Drug Treatment Court’s Effect on Recidivism Rates

By Makayla Hanington, CFCC Student Fellow 2014-2015

Drug treatment courts are a source of therapeutic jurisprudence as problem-solving courts. Their purpose is to resolve underlying issues that may be the source of crimes that are being committed with a holistic and big-picture approach. In Baltimore City, the Drug Treatment Court was created in 1994 due to a study relating 85% of crimes back to substance abuse and addiction. It is a way of preventing incarceration by providing an alternative. Four main goals of Baltimore City’s Drug Treatment Court are to:

  • Provide pretrial, drug-dependent detainees with close supervision
  • Allow judges to use a cost-effective sentencing option by providing a fully integrated and comprehensive treatment program
  • Reduce recidivism rates of street crime committed by drug-motivated offenders
  • Facilitate the academic, vocational, and prosocial skill development of offenders”

Because of the many actors involved in achieving these goals, the whole court system is essentially working together to reduce the overall recidivism rates, especially when substance driven crimes are being committed.

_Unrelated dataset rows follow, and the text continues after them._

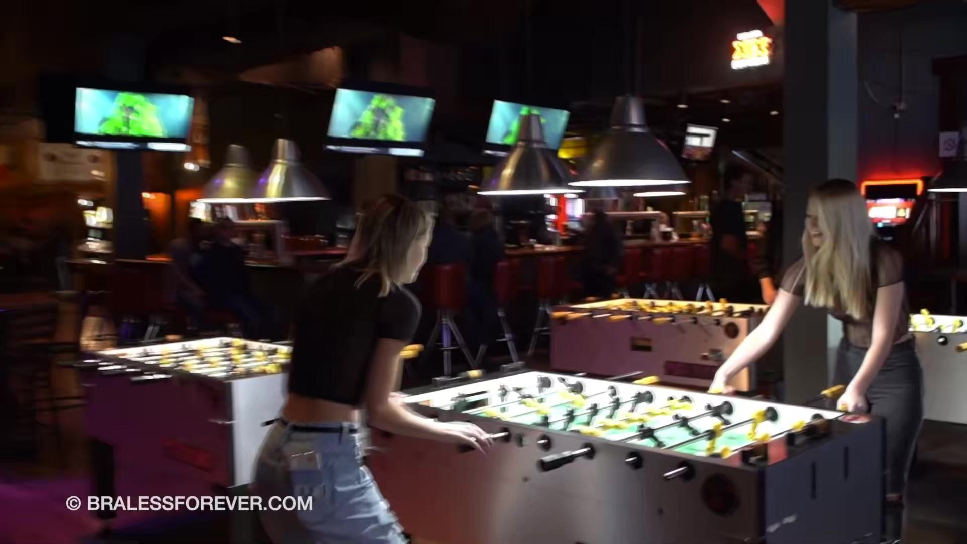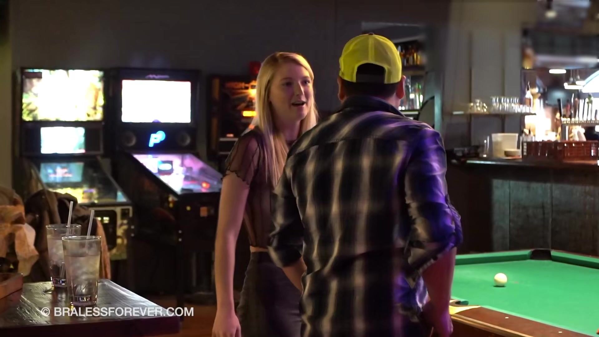 BralessForever Kaylee And Rachel Tease In A Bar While Playing Games And Going Braless
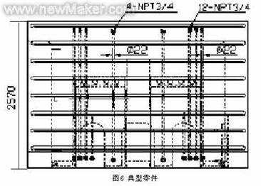例1:一典型零件(見圖6),有16個(gè)Φ22通孔,長(zhǎng)度達(dá)到2550mm。在沒(méi)有使用槍鉆前,類似的深孔加工將會(huì)耗費(fèi)機(jī)床25天的時(shí)間來(lái)完成,而且質(zhì)量往往得不到保證,現(xiàn)在采用槍鉆后僅用了250小時(shí)就高質(zhì)量的完成了工件上所有深孔的加工,取得了良好的應(yīng)用效果。
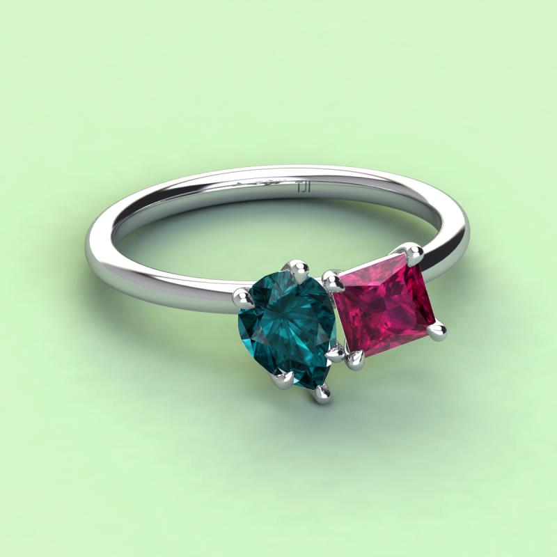 Pear Shape London Blue Topaz & Princess Shape Rhodolite Garnet 2.85 ctw Four Prong Womens 2 Stone Duo Engagement Ring 10K White Gold More Details ...
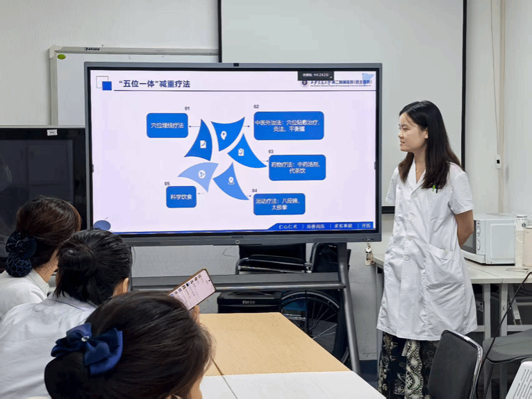 中医科郭昶医师以《中西医结合“五位一体”综合疗法在体重管理中的构建与应用》为题分享。郭昶医生指出,肥胖作为多种慢性病的共同土壤,其管理需要打破单一减重的传统模式。她详细阐释了其所倡导的“五位一体”综合疗法体系。这一模式不仅关注体重数字的下降,更注重代谢指标的全面改善、生活质量的提升以及健康行为的持久养成,体现了中西医结合的独特优势和深度内涵。
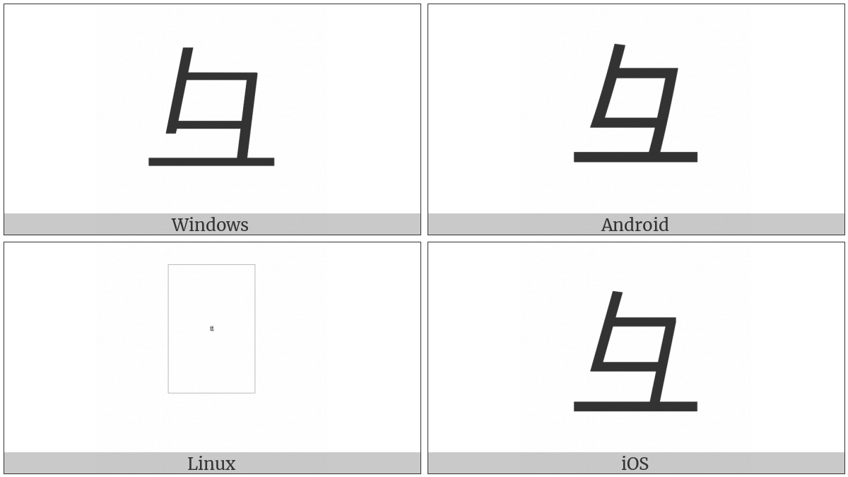 The image below shows how the “Cjk Radical Snout One” symbol might look like on different operating systems. If the font in which this web site is displayed does not contain the symbol and there is no fallback font able to render it, you can use the image below to get an idea of what it should look like.
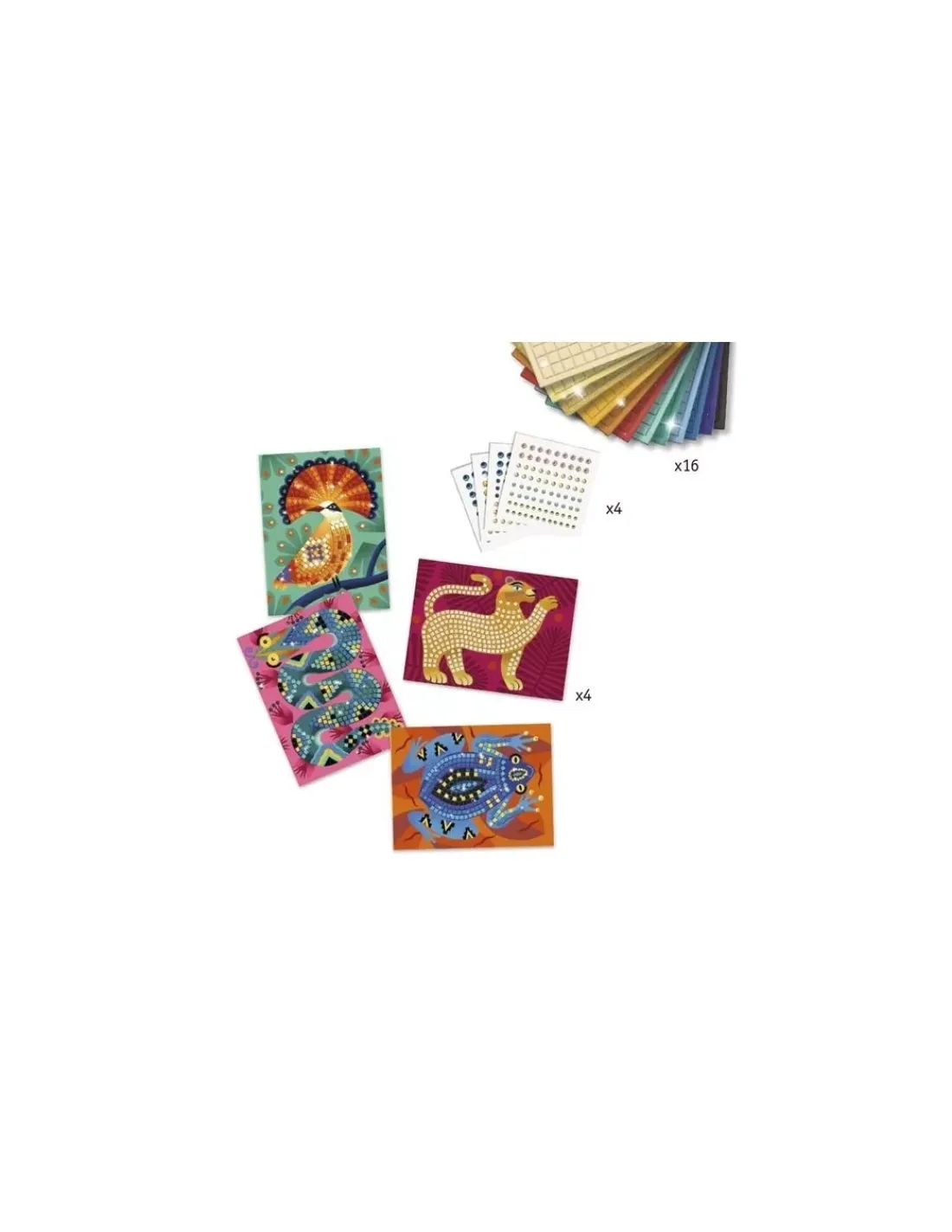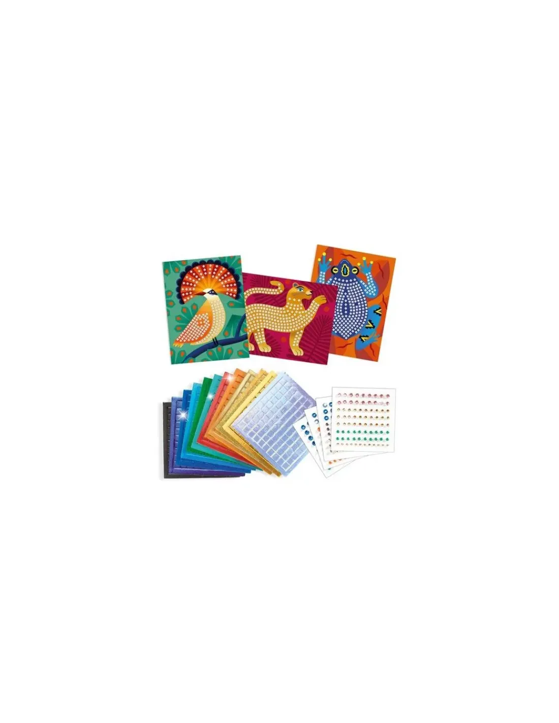 Découvrez le coffret de mosaïques au coeur de la jungle de Djeco, une activité créative pour les enfants de 7 à 13 ans qui réaliseront pas à pas 4 magnifiques tableaux de mosaiques métallisées sur le thème des animaux de la jungle, une activité ludique pour les enfants créatifs qui réaliseront un léopard, une grenouille, un serpent et un oiseau.
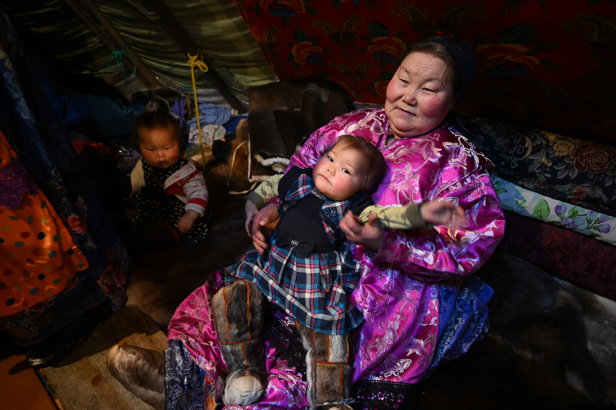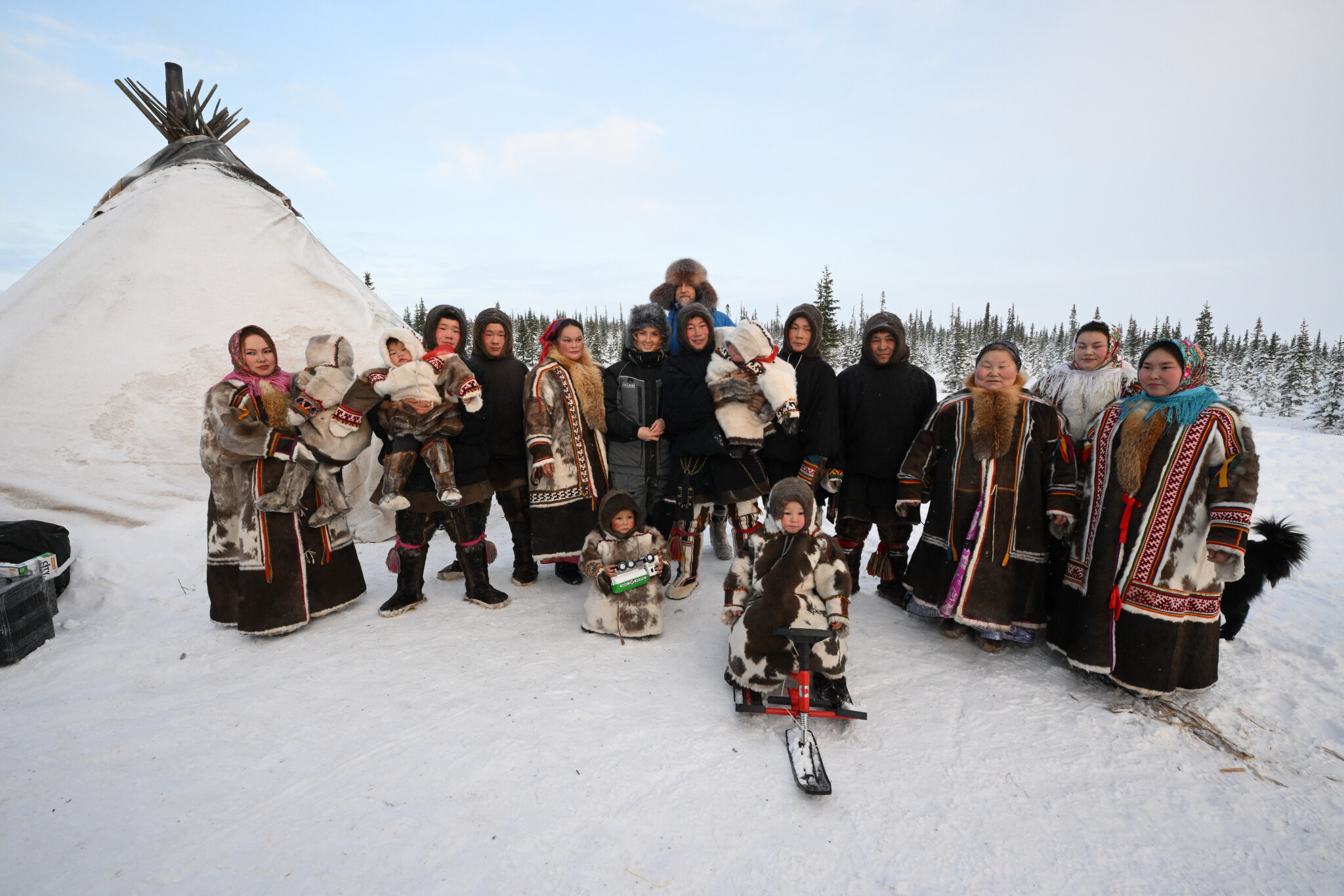 Детский правозащитник и глава региона посетили Сельскохозяйственный производственный кооператив «Рассвет Севера», где познакомились с семьей Лаптандеров. В семье, которая живет в тундре, воспитывается 10 детей и 10 внуков. Уполномоченный пообщалась с членами семьи и узнала об их традициях.
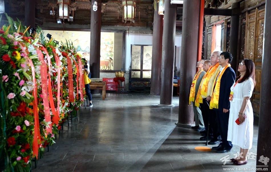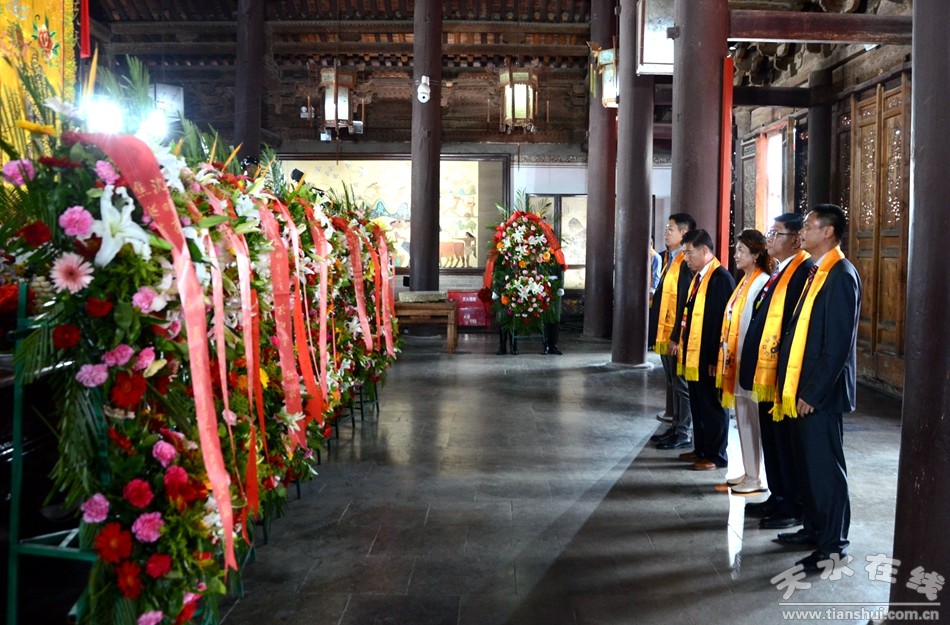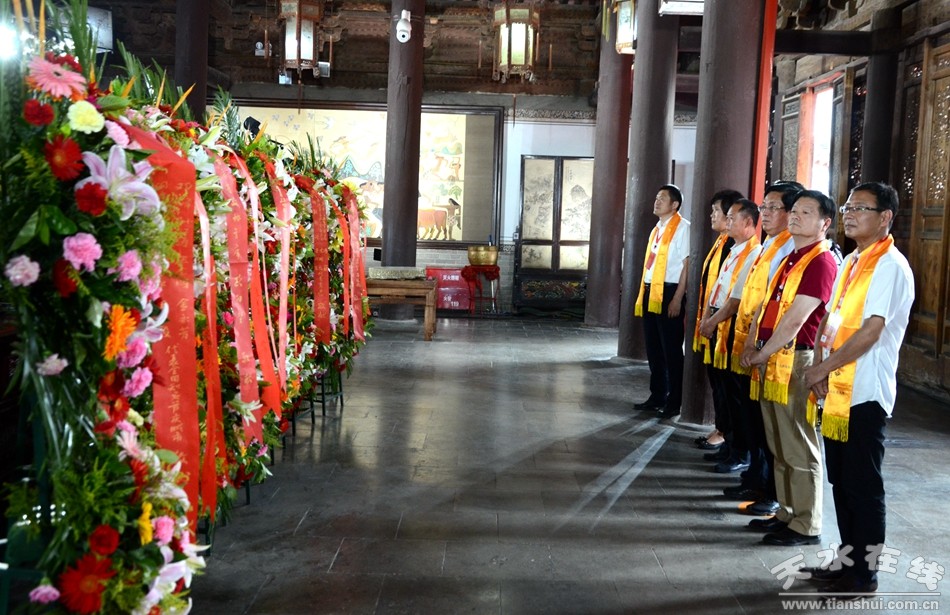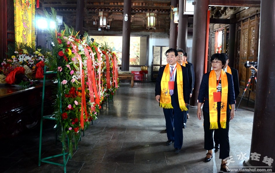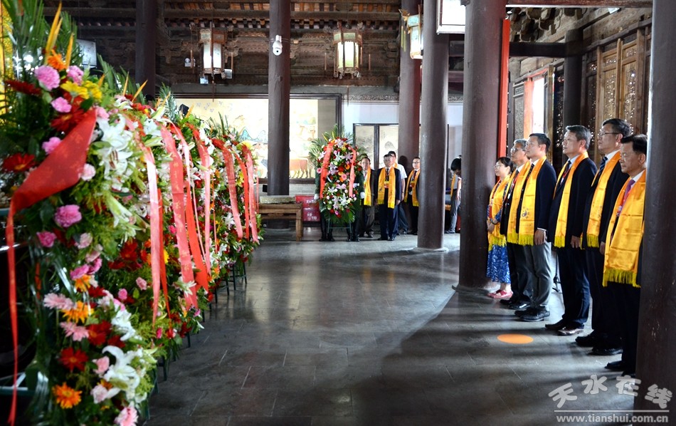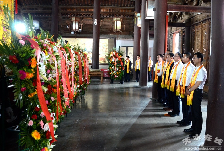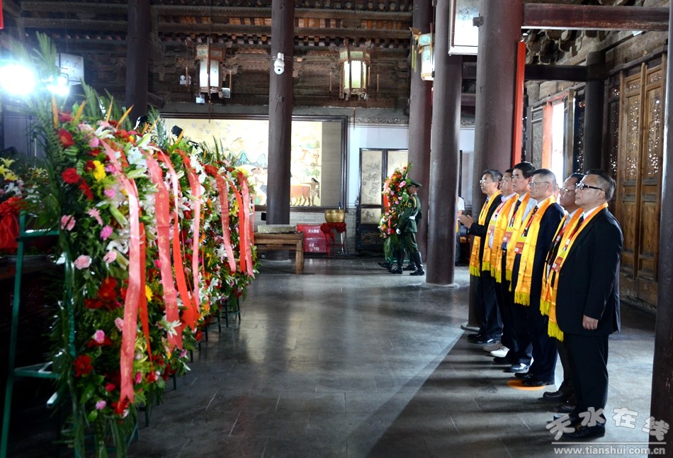 。ㄈ珖(guó)政協(xié)常委、中國(guó)道教協(xié)會(huì)原會(huì)長(zhǎng)任法融,澳門(mén)佛教(國(guó)際)聯(lián)合會(huì)會(huì)長(zhǎng)釋戒晟,法門(mén)寺堂主釋洪利,十三屆全國(guó)政協(xié)常委、甘肅省政協(xié)原副主席、原伏羲文化研究會(huì)執(zhí)行會(huì)長(zhǎng)周宜興,甘肅省政協(xié)原黨組副書(shū)記、副主席、原中華伏羲文化研究會(huì)會(huì)長(zhǎng)張津梁,甘肅省軍區(qū)原副政委少將楊耀春,甘肅省伏羲文化研究會(huì)副理事長(zhǎng)郝洪濤,廣東省深圳市政協(xié)原副秘書(shū)長(zhǎng)張國(guó)英,原中華伏羲文化研究會(huì)副會(huì)長(zhǎng)張向陽(yáng),清華大學(xué)歷史系教授、博士生導(dǎo)師廖名春敬獻(xiàn)花籃。)

The systems that are provided for offenders are supervision, status hearings through judicial monitoring, drug testing, and drug treatment. In order to graduate from the program, participants must have employment, completed 20 hours of community service, have participated in the program for a minimum of 12 months, and have at least 9 months of clean urine samples.”[2] Research has found that the offenders involved in drug treatment courts have a lower recidivism rate than those who are not. It has been generally proven that “[t]he average effect of participation is analogous to a drop in recidivism from 50% to 38%; and, these effects last up to three years.” Although by only about 10%, the re-arrest rates had decreased, but new arrests had significantly decreased. The Baltimore City Drug Treatment Court not only has the effect of reducing recidivism rates while a person is in the program, but also persists even after the program is completed. Drug treatment courts as a problem-solving court has proven to be successful and continues to be implemented.

[1] https://www.crimesolutions.gov/ProgramDetails
[2] https://www.crimesolutions.gov/ProgramDetails
[3] http://www.courtinnovation.org/sites/default/files/documents/Assessing_Efectiveness.pdf
[4] http://www.ccjs.umd.edu/sites/ccjs.umd.edu/files/pubs/Gottfredson_etal_2006.pdf

0 thoughts on “Drug Treatment Court’s Effect on Recidivism Rates

  1. I think that the drug treatment court was a great reaction to the increase of drug related crimes in Baltimore City. I am glad that this program was created as an alternative to incarceration because substance abuse is the cause for many of the crimes that are committed in Baltimore City. It seems that it would be nearly impossible to decrease the crime rate before first confronting the substance abuse. I think that there should be more alternatives to incarceration for many of the crimes that we have on the books in Baltimore City. It would be interesting to see if there are any alternative methods implemented for those convicted of violent crimes in the future. Thank you for choosing this topic to write on, I enjoyed your blog.

  2. Drug treatment courts are a step in the right direction in treating drug users. On the individual level, it seems to aim at solving the true problem, addiction, as opposed to simply masking the symptom by labeling abusers as criminals. On a larger scale, less people in prison have so many positive implications. One positive outcome, keeping families together, have a positive consequences not only on the individual abuser but also on the children and others related to the abuser. By stressing this approach on a national level I would not be surprised to see a sharp decline in our prison population overall and in a country with only 5 percent of the world's population but 25 percent of the world's population, we need all the improvement that we can muster.

  3. While I think the drug courts are a step in the right direction, I do believe that more needs to be done. I believe that felony forgiveness programs need to be implemented. Felons, even those that became felons due to drug-related crimes are unable to receive important benefits such as housing subsidies that they would otherwise be entitled to. With fewer job prospects thanks to the felony on their record, and no housing benefits, it becomes hard for individuals who were incarcerated to make a living once released. While drug treatment courts are a step in the right direction, I believe they need to be accompanied by felony forgiveness programs in an effort to alleviate the stresses felt by newly released inmates.

  4. I am absolutely in support of drug treatment courts. Some behavioral concerns are simply not remedied by punishment. I do not believe that anyone fully chooses to be addicted to drugs. It takes goodwill and determination to make those strides towards recovery and with a positive support system, as provided by these drug treatment courts, more folks can and will reach a healthy drug free lifestyle. Substance abuse plagues so many communities in our country but it causes unyielding damage to many of our poor communities. These drug treatment courts will not only help the individual, but also that individual's family, community, and ultimately the nation as a whole.